After WWII erupted, a Jewish ghetto was established near the train station (Romania sided with Germany). The Romanian mayor of Chernivtsi received permission to spare 16,000 Jews, largely bc without them, he argued, Chernivtsi would not really exist, and the professional services in the city would be gone. Jews were required to wear the yellow Star of David, and those who were exempted from deportation were given certificates to carry with them. The Romanian mayor fudged the numbers a bit and was able to keep between 19 and 20,000 Chernivtsi Jews from being deported to the villages around Khmelnitski.
Here is the Romanian mayor, Trajan Pepovici:
Chernivtsi ghetto:
I was curious as to what seemed like a discrepancy: I had read reports that suggested that Chernivtsi’s Jewish population was devastated during the war, but also read reports of this Romanian mayor who saved nearly 20,000. One report I read said that Chernivti’s post-war Jewish population was higher than other Ukrainian cities after the war. This was my time to find out what happened.
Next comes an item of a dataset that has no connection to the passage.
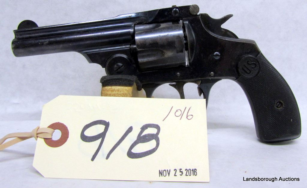 PROHIBITED, REVOLVER, 38 S&W, 83MM BARREL, SN 52160. GRIPS HAVE ONE SMALL CHIP, BLUING IS GREY AND WORN, BORE GOOD.

The director spent a lot of time answering my questions. He said that in 1944 and 1945 as the war was winding down and the Soviets had taken over, many Jews took advantage of the fact that they had Romanian passports (Chernivtsi was Ukrainian from the end of WWI to 1944) and the free border that existed between this area and Romania for a period of time. Most of the Jews who had been saved left, knowing they could go to other places around the world from Romania much easier than they could from the USSR.
Other Jews from Ukraine then migrated into the Chernivtsi area, Jews with little to no roots in the area. They too sought to move into Romania, but the ones who came here after 1945, when the Soviets began registering people and issuing Soviet passports, were out of luck. So the Jewish population of Chernivtsi was higher than it was in other western Ukrainian cities. The USSR wasn’t kind to Jews either. In the 1960s and 1980s, the USSR made it somewhat easier for Jews to leave. The room that houses the museum was the HQ of the local office that helped Jews leave the Soviet Union. Many left for Israel and the U.S.
Of those who didn’t leave then, many left after the fall of the USSR in 1991. That is why the city now has a Jewish population that comprises 1.2% of the local population.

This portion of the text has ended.